Senti-me a explicar alguns conceitos ao meu filho, de sete anos, quando me bombardeia com o pedido de sinónimos e significados das novas palavras do seu dia.
Pensei nos erros de Descartes. Na possibilidade de levar o livro de Damásio para a aula e desmistificar aquilo que disse do filósofo francês. Penso, logo existo! Ou melhor, sinto, logo penso. No final: existo, logo penso! O melhor é ler os livros com os meus alunos, começar a fazer jus às novidades da Declaração de Bolonha: auto-formação e estudo acompanhado, nas aulas e fora delas, que isso sim é o futuro do ensino superior. Pensemos nas tertúlias que poderíamos fazer com os alunos, de manhã na relva verde do estádio da Penha e à noite no Ministério da Cerveja. Não, não estou a brincar. Esta pode ser uma das soluções do processo de ensino/aprendizagem no ensino universitário. Agora, é decisivo que se pense uma Declaração, a preceito, para o parente pobre do sistema: o secundário.

sexta-feira, março 25, 2005

A táctica do pontapé na gramática

Fátima Lopes (sim, a tal da moda), para além de vender copos na televisão, faz agora os fatos da selecção de futebol. Ontem, na TV, inteligente como sempre, lá foi dizendo: «...sabia que este corte ia de encontro ao gosto dos jogadores». Acabou de inventar uma nova táctica futebolística, com um excelente pontapé na gramática.

Mexia, ainda mexe

O Fora do Mundo fez hoje um ano. Pedro Mexia, não está parado, ainda mexe. E é o único! Parabéns.

Não há bem que sempre dure...

Hoje fui pesquisar para a Biblioteca Central da Universidade do Algarve. Pedi o jornal «Correio do Sul», do ano de 1938, para procurar notícias sobre o “Concurso da aldeia mais portuguesa de Portugal”, promovido pelo Secretariado Nacional de Propaganda, de António Ferro. As funcionárias foram solícitas, educadas e eficazes na procura e cedência de material para pesquisa, o que contrasta com o corriqueiro das bibliotecas. E não sabiam que eu era professor na instituição. Quando pedi autorização para fotocopiar alguns textos do jornal, a resposta foi justa e equilibrada: “desde que tenha cuidado”. O que difere, e muito, do que se passa, por exemplo no Arquivo Histórico de Loulé, onde estou também a pesquisar. E neste caso nem sequer são originais, mas cópias ou facsimiles. Quando, por este motivo (o de poder fotocopiar na minha escola) ficaram a saber que era professor da Universidade até me ofereceram um cartão, com direito a 300 cópias para o ano corrente. Um direito que deveria ter usufruido desde 2001, mas que só agora descobri. Não há mal que nunca acabe...

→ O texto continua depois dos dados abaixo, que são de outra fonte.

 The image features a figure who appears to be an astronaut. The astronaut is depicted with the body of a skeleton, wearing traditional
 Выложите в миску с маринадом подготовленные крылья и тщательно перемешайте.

quarta-feira, março 23, 2005

O cânone literário

Há dias, vendo o programa de Francisco José Viegas, “O Livro Aberto”, na RTPNorte, ouvia o jovem escritor Hugo Gonçalves (HG) falar de um cânone nacional, que não lhe interessava respeitar na sua escrita literária. Todos os presentes (João Tordo, José Riço Direitinho e o próprio HG) mantiveram esta opinião nos discursos seguintes. Estranho foi verificar que Francisco José Viegas – ele próprio membro de um potencial cânone nacional literário – tenha alinhado com os seus convidados. Ou talvez não tenha nada de estranho.

Que nem uma mosca morta

Alexandre Soares Silva delirando sobre uma mosca morta no cinema, em Wild Bunch.

O regresso

Hoje, no meu gabinete de trabalho, fui aos velhos links dos favoritos e tenho uma surpresa que me contentou a alma. Porque a linguagem de JPT é única, quer queiramos ou não. E estava com saudades dela. Bom regresso, amigo!

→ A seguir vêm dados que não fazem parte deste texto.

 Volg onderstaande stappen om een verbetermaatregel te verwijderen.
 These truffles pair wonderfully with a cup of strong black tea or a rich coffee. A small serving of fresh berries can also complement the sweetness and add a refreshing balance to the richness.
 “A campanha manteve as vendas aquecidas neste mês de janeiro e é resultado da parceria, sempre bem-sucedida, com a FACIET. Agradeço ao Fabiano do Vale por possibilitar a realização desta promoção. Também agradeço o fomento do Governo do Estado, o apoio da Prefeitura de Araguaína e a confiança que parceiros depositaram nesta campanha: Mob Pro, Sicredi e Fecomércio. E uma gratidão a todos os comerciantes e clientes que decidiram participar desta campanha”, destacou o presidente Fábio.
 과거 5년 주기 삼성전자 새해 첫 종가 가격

terça-feira, março 22, 2005

1912

A história das rivalidades políticas e pessoais entre João de Deus, director do jornal «O Aldeão» e Cândido Guerreiro, presidente da Comissão Administrativa Municipal de Loulé, decorrida no ano de 1912, está ainda por contar. Se Cândido Guerreiro passou à história como um poeta, João de Deus ficou esquecido nas brumas do tempo. Interessa perceber porquê. Tentarei, em breve, recuperar esta história e fazer jus à proximidade de outras verdades.

O programa do governo

A discussão do programa do actual governo, traz alguns sinais interessantes. Sobretudo a possibilidade de alguns acordos à esquerda para resolver problemas como a despenalização da interrupção voluntária da gravidez; e de promover um debate sério sobre os valores expressos pela proposta de constituição europeia, a qual irá ser referendada. Particularmente no que me diz mais respeito, interessa perceber os passos a dar, na actual discussão, sobre o processo de Bolonha, designadamente qual o papel do estado no apoio à qualificação dos estudantes no percurso completo do 1º ciclo do ensino superior futuro: a licenciatura. Há muito a discutir sobre este último tema.

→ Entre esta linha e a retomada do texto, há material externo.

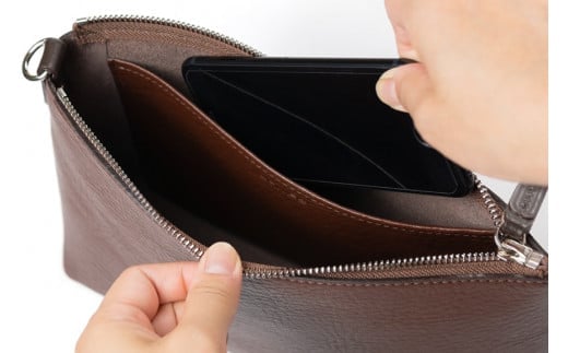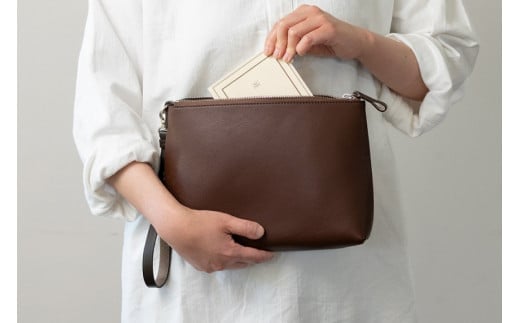 2つ折り牛本革セカンドポーチ【ポケットポーチ・プラス】(ダークブラウン)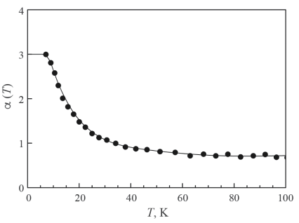 На рис. 3 представлена зависимость α(T), которая вычислялась по формуле [13]: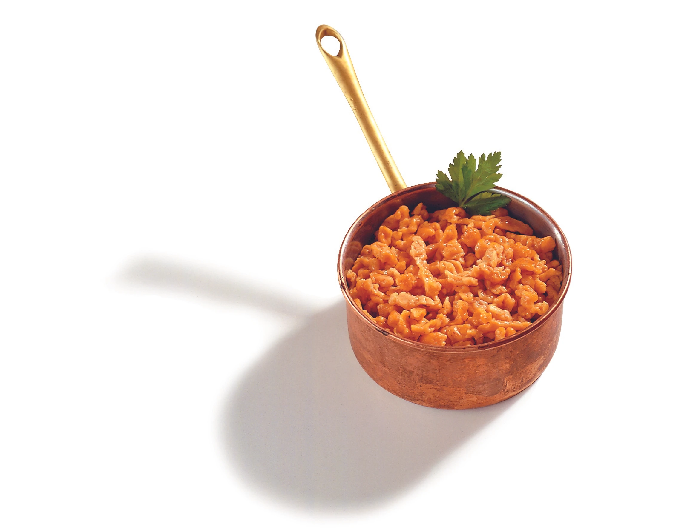Mehl in eine Schüssel sieben, Butter, Eier, eine Prise Salz und Paradeissaft zugeben, mit einem Kochlöffel zu einem glatten Teig abschlagen. Reichlich Salzwasser aufkochen.

Andar de jipe sobre as dunas...

Em entrevista à revista «Sábado» o actor Ricardo Carriço afirma adorar conduzir o seu jipe sobre as dunas, em especial na praia do Meco. Diferente seria se dissesse que apenas circula em estradas adequadas para o efeito, evitando destruir a fauna e a flora dunares. A alguém que é lido como uma figura pública pede-se que dê exemplos contrários.

sexta-feira, março 18, 2005

Mil e Uma Pequenas Histórias

O Luís Ene acaba de editar o primeiro volume de «Mil e Uma Pequenas Histórias». A propósito recordo a primeira pequena história que dele publiquei em “a cultura”, suplemento cultural do jornal «A Voz de Loulé»:
«De tempos a tempos sentia imensa pena de si próprio, esquecia-se então de tudo o que podia ser, e lembrava-se apenas daquilo que era e não fora. Isso não era bom para ele, pois a sua força estava em esquecer quem era e ser quem podia ser. E ele bem o sabia. Porque se afinal estava em constante mudança, não podia deixar de ser um grande disparate agarrar-se ao que era ou fora e não ao que poderia ser. [A moral desta história, que a tem, é: Querer talvez não seja poder, mas onde já se viu poder sem querer?]»
Vale a pena encomendar, ainda a preço de lançamento!

quinta-feira, março 17, 2005

O Gramofone do Centro Republicano

Estou a realizar uma pesquisa sobre o Grupo Folclórico de Alte. Interessa-me perceber o contexto local dos anos que antecederam a sua criação em 1938. Como em Alte a tradição da imprensa local é muito forte, resolvo iniciar a pesquisa pelos jornais da terra. O mais antigo, disponível no Arquivo Histórico de Loulé, é “O Aldeão”, fundado em 1912, por João de Deus, que durou apenas até 1913, tendo sido encerrado pelas autoridades. Esse encerramento deveu-se, sobretudo, às batalhas verbais travadas entre o jornal, dito acérrimo “defensor dos interesses locaes”, e o conhecido poeta altense Cândido Guerreiro, entre outros cargos, também presidente da Câmara de Loulé, na altura.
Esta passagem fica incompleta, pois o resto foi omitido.